Nemrut Dağı eteklerindeki ocaklardan çıkarılan meşhur Ahlat taşı, ustaların elinde birer sanat eserine dönüşüyor.
Ahlat’taki taş ustaları, Nemrut Dağı eteklerindeki ocaklardan çıkarılan meşhur Ahlat taşını işleyerek sanat eserine dönüştürüyorlar. Büyük zahmetle toprak altından murç, çivi ve balyoz yardımı ile parçalanarak çıkartılan Ahlat taşı, ustaların elinden geçerek ilçedeki birçok yapıyı süslemede de kullanılıyor. Özellikle Selçuklulardan bu yana kullanılan Ahlat taşı, gerek ilçede gerekse de bölgede vazgeçilmez yapı malzemesi olarak kullanılıyor. Yıllardır bu taşı işlediklerini söyleyen Ahlatlı taş ustalarından Seyfettin Altıntaş, birçok sanatsal figürü bu taşlara işlediklerini söyledi. 40 yıllık baba mesleğini icra ettiğini belirten Seyfettin Altıntaş; mezar taşları, şömine, çeşme ve benzeri alanlarda kullandıkları Ahlat taşını büyük bir emekle işlediklerini dile getirdi. Yıllardır Ahlat girişindeki yol kenarında bulunan atölyesinde mezar taşı, çeşme, şömine ve barbekü gibi işler yaptıklarını belirten Altıntaş, “Yaklaşık 40 yılık baba mesleğini yapıyoruz. Babam genellikle Ahlat taşından cami ve minare işleri yapıyordu. Biz de babamızdan miras kalan bu mesleğini devam ettiriyoruz. 2006 yılından bu yana açtığımız atölyede ağırlıklı olarak mezar taşları, çeşme, şömine ve barbekü gibi yapıların taşlarını el emeğiyle yapıyoruz” dedi.
Yaptıkları mezar taşlarına ve çeşmelere sanat eserlerini yansıttıklarını dile getiren Altıntaş, “Özellikle yaptıklarımızı çevre illere satıyoruz. Her yerden bize sipariş geliyor. İnternet üzerinden bile sipariş alıyoruz. Mezar taşı siparişlerimiz ağırlıklıdır. Burada yaptığımız gerek mezar taşlarına gerekse de çeşmelere sanat figürlerini işliyoruz. Hem burada bir sanatı yaşatıyoruz hem de taşlara işlediğimiz o sanat göze hitap ederek, verilen emeği ortaya çıkarıyor” diye konuştu.

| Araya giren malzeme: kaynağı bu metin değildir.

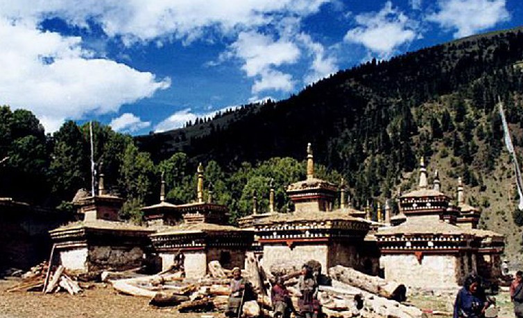 卡瑪多塔林位于類烏齊縣國道317線右側(cè),距縣城25公里。塔林依山位傍水、風(fēng)景秀麗、古木參天、蒼松翠柏、四季常青。在蔥郁翠柏中有一座別致的小經(jīng)堂,主供蓮花生大師像,左右各豎有幾根高大的轉(zhuǎn)經(jīng)筒。傳說,過去這兒有108個塔,現(xiàn)已恢復(fù)和修建的塔有幾十座。其造型各異,別具一格,既有要求嚴(yán)格的八佛塔,也有方形怪塔;既有幾米高的大塔,也有不到三米的小塔。
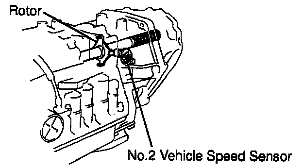 An AC voltage is generated in the No.2 vehicle speed sensor coil as the rotor mounted on the output shaft rotates, and this voltage is sent to the ECM.
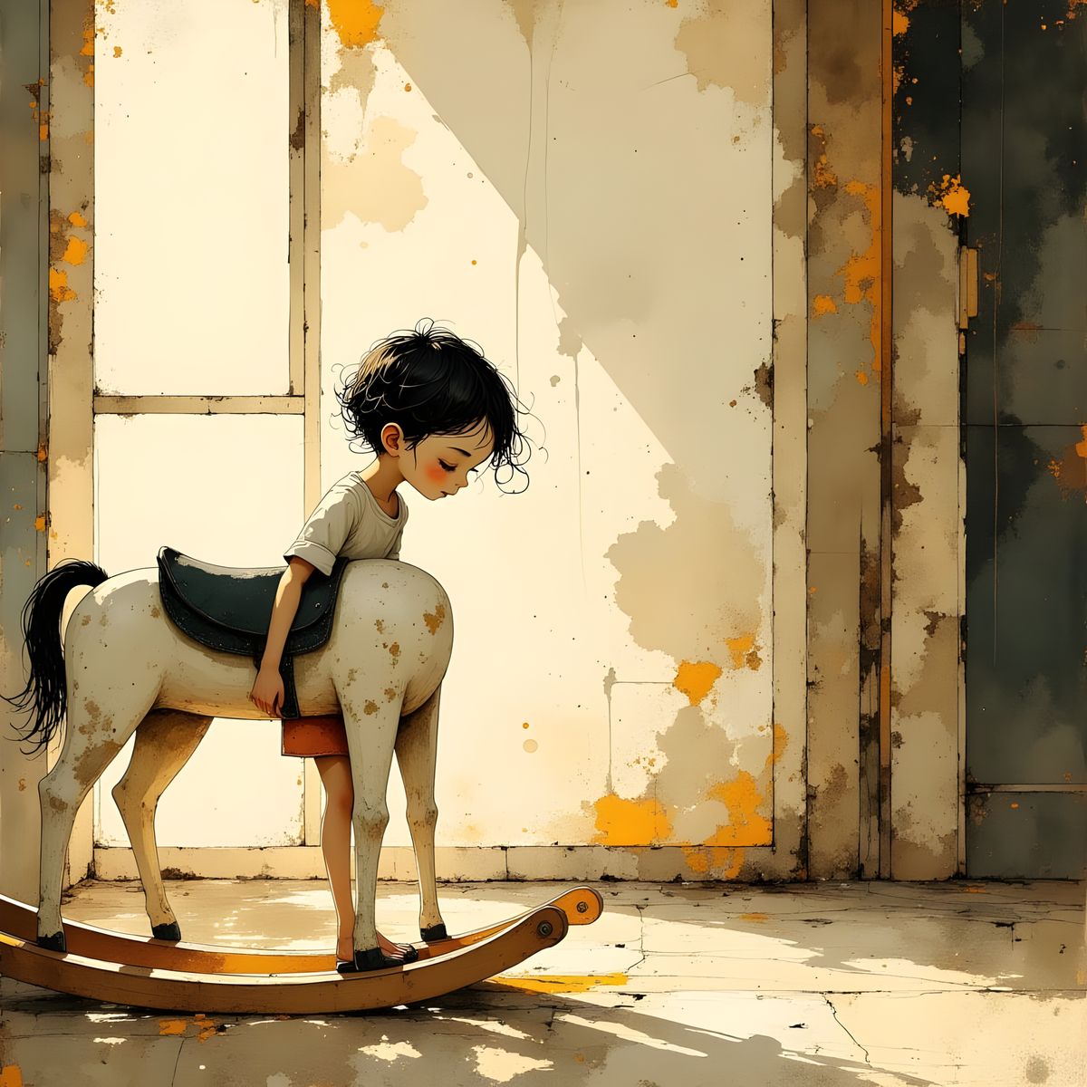 This image shows a charming, flat, hand-carved white rocking horse with a black saddle, held by a young Italian boy. Rendered in a vintage storybook illustrative style with muted colors and soft sunlight.

Açık ve koyu kırmızı, kahverengi, siyah, beyaz ve gri renkleri bulunan Ahlat taşı, bölgedeki evlerin en önemli yapı taşı olarak görülüyor. Yalıtımı sayesinde yazları serin, kışları ise sıcak tutma özelliğine sahip olan bu taş, dekoratif yapısıyla da binaların dış cephesinde sıva gerektirmediği gibi cephede dökülme, patlama yapmadığı için yüzyıllarca binanın ilk günkü gibi görünmesini sağlıyor. Ocaktan ilk çıktığında daha yumuşak olan ve bu özelliğiyle işlenmesi de daha kolay olan Ahlat taşı, kullanıldıktan belli bir süre sonra sertleşip dayanıklılık gücünü artıyor.